Valencia offers itself a month for a pilot test

The mayor of Valencia, Joan Ribó, proposed to develop in Valencia a pilot project for a 4-day-a-week working day that allows “a rigorous study to be carried out, with conclusions that serve to prepare a report with a European and international scope that assesses the impact of its application and the consequences in terms of productivity but also leisure, mobility, the economy, people’s health”.

“An experience that has to be preceded by a great social agreement” and, therefore, “we want to open a process of dialogue, together with the Generalitat, with social agents, neighborhood entities and institutions”.

The mayor detailed “the great change that València has experienced in recent years, prioritizing everything related to people’s well-being”. For this reason, he has urged to go a step further, “and open the debate on concrete measures that allow a more balanced distribution of our time to be able to reconcile all our spaces”.

To this end, Ribó offered València, an innovative city, as the setting for the development of a pilot project for a 32-hour work week, which would be carried out for a month in a row.

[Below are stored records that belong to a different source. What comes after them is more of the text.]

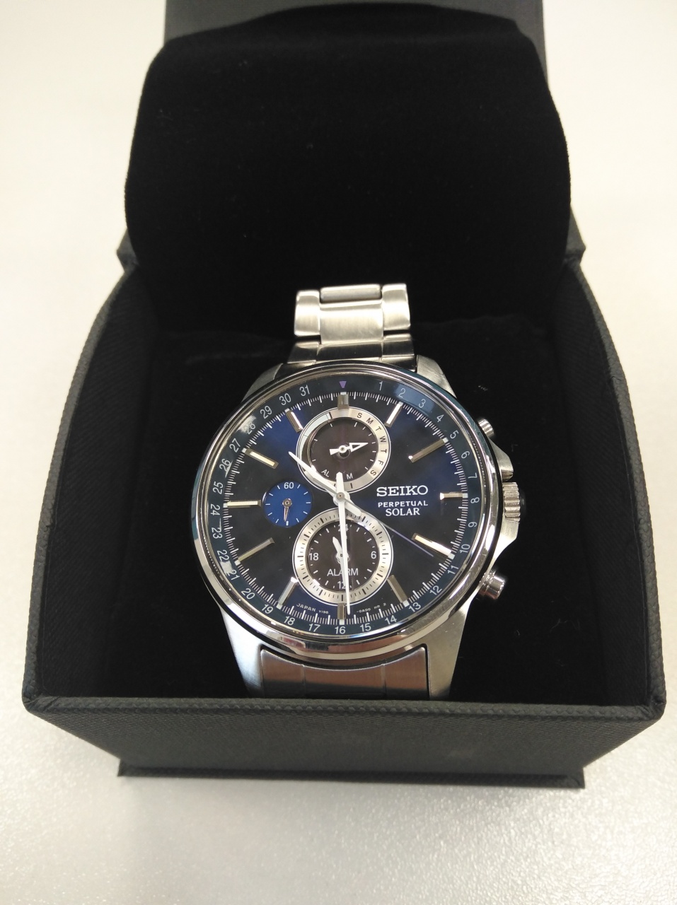 Сапфир, корпус и браслет из нержавеющей стали, браслет - литой, японская сборка, водонепроницаемость 100М, вечный календарь, секундомер, будильник, калибр V198, солнечная батарея.
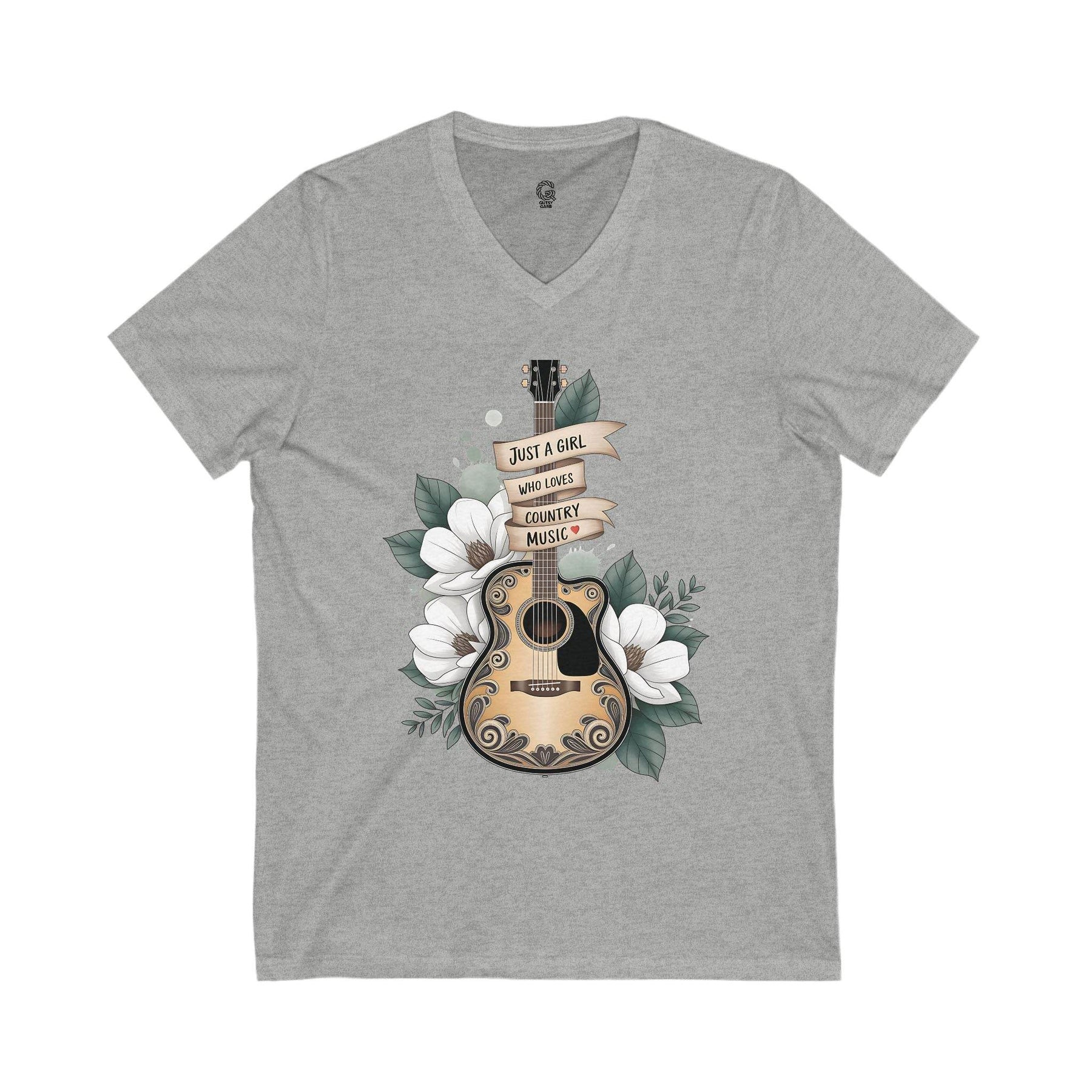 The design catches attention without being loud. The magnolia flowers bring a southern charm. The guitar artwork celebrates country music in a fresh way. This women's country v-neck shirt works with jeans, skirts, or shorts. You can layer it under jackets or cardigans for cooler days.
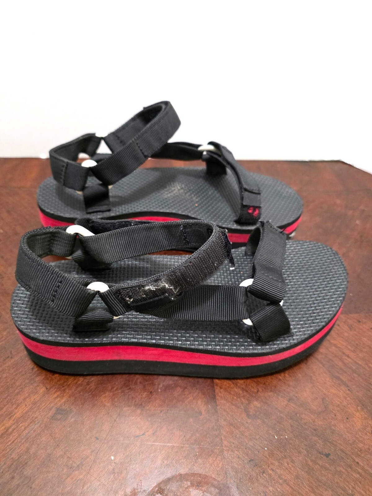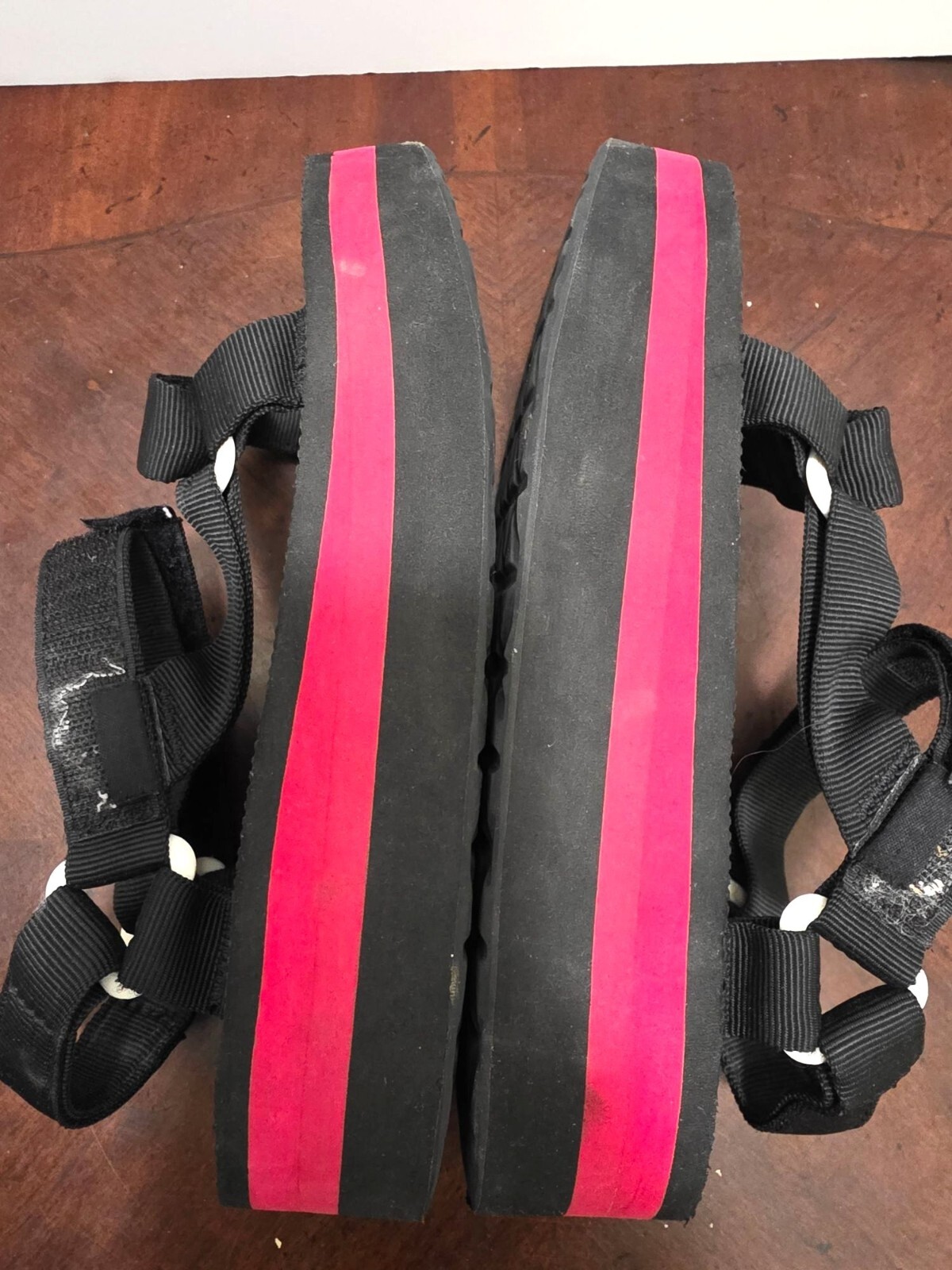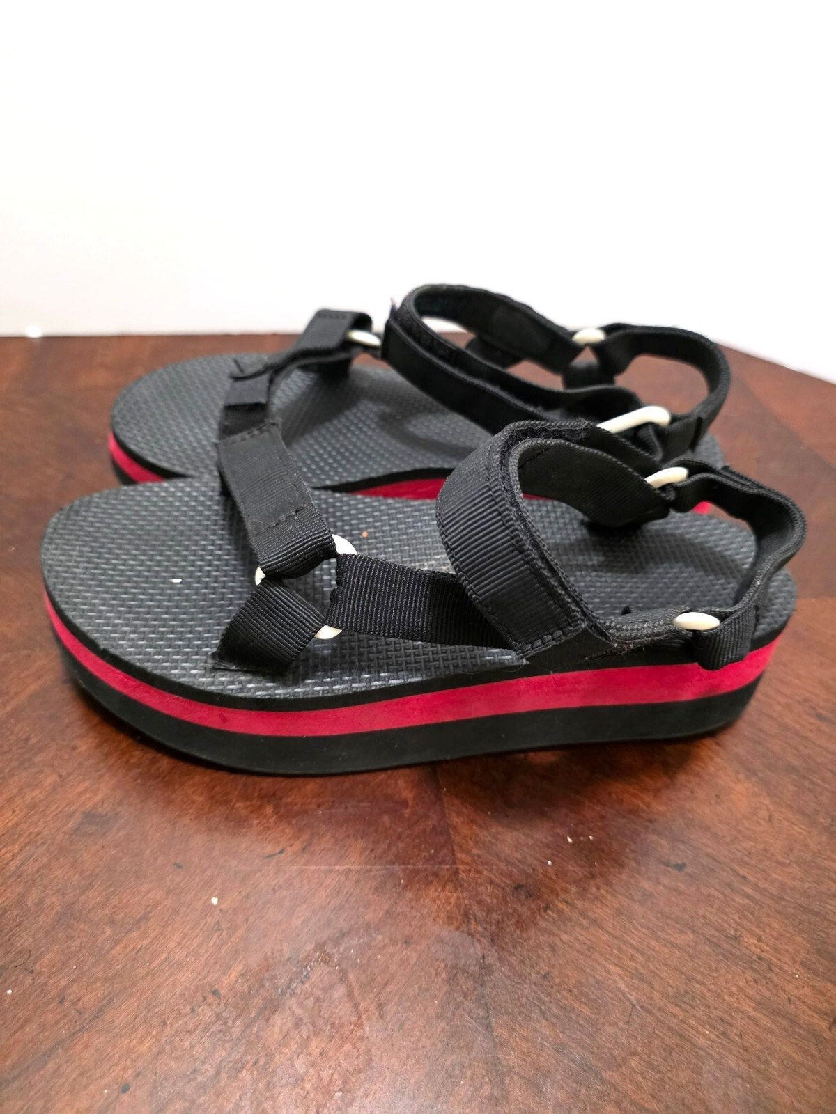 These Teva platform sandals feature a modern elevated sole with a distinctive pink stripe accent. The adjustable webbing straps and cushioned footbed provide customizable comfort and support. • Adjustable hook-and-loop straps • Textured rubber platform sole • Geometric tread pattern • Cushioned EVA footbed • Water-resistant materials • 1.5" platform height CONDITIONS pre owned, Minor wear and small glue on the side back, good conditions. see photos for flaws details.
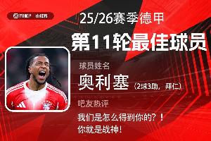 第十一轮评选结果结出炉,奥利塞2射3传超神表现,帮助拜仁让2追6击败弗莱堡,获得吧友超4.2万票支持。奥利塞毫无悬念当选【体育资讯X小红书德甲第11轮最佳球员】!
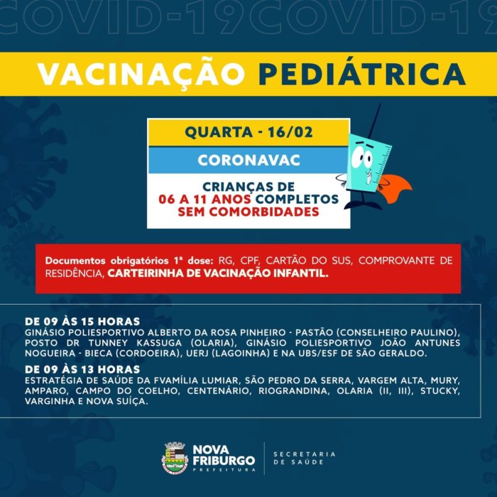 A Secretaria Municipal de Saúde de Nova Friburgo vacina todas as crianças com mais de 6 anos, sem comorbidade ou deficiência permanente, nesta quarta-feira, 16.
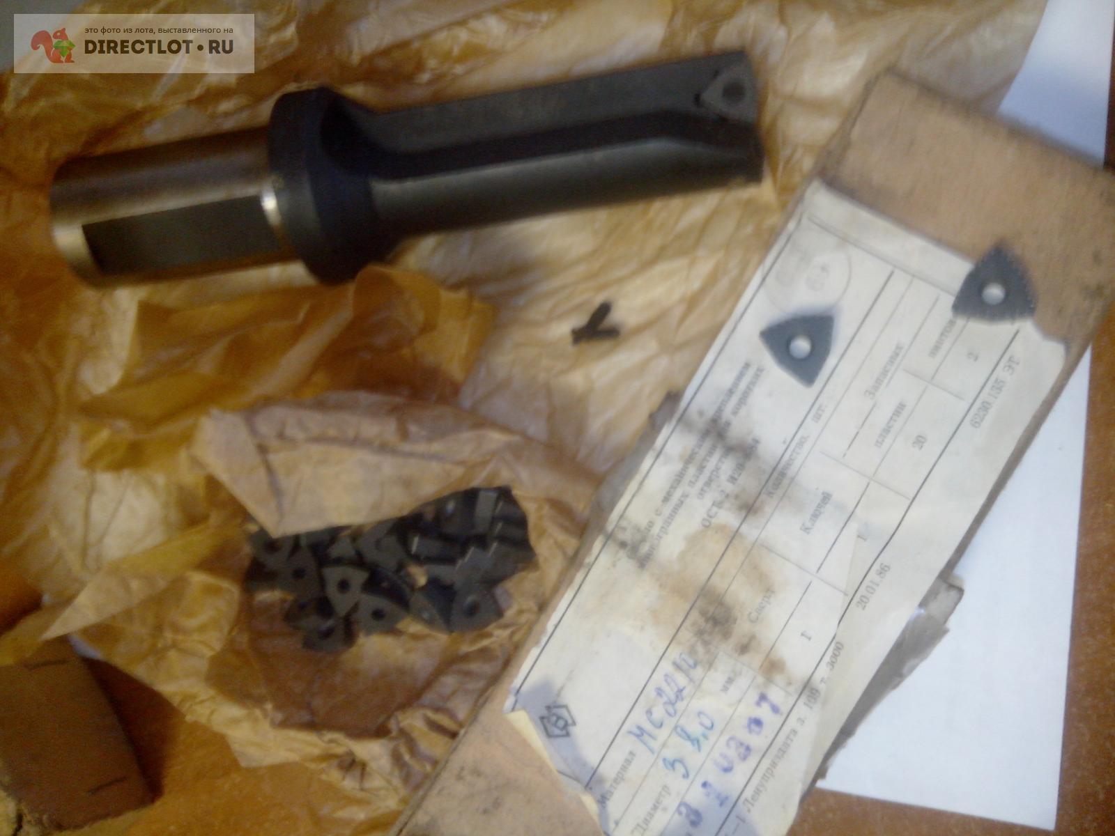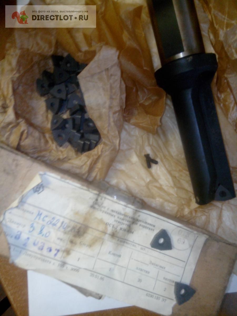 Сверло диаметр 38 мм со сменными твердосплавными пластинами и подводом СОЖ (смазочно охлаждающей жидкости), твердосплавные пластины с обозначением 2008-9156 для коротких отверстий ОСТ 2 И20-9-84, изготовитель сверла диаметром 38 мм со сменными пластинами - Сестрорецкий инструментальный завод - СССР, форма пластины - ломанный треугольник, материал пластин МС 2210, есть пластины сменные в наличии

“The objective -he explained- would be that for a month all Valencian men and women have, effectively, a working day of 32 hours per week”. “The Valencia experience would mark the roadmap for future employment and the rights of people to decent, quality work that allows them to reconcile and improve their well-being,” he added.

Unai Sordo (CCOO) sees collective bargaining as necessary

The general secretary of the CCOO, Unai Sordo, warned that the 32-hour working day can only be implemented as a “specific experiment” if there is no collective bargaining, although he has defended that the reduction of working time is a “perfectly viable” objective. ” and must be adapted to each company and sector.

“The 32-hour day, like the 35, 30 or whatever, has to be fundamentally through collective bargaining,” he declared at a union act in Sagunt. Precisely, the Generalitat Valenciana has committed public aid, within a pilot project, for companies that voluntarily decide to apply the four-day shift.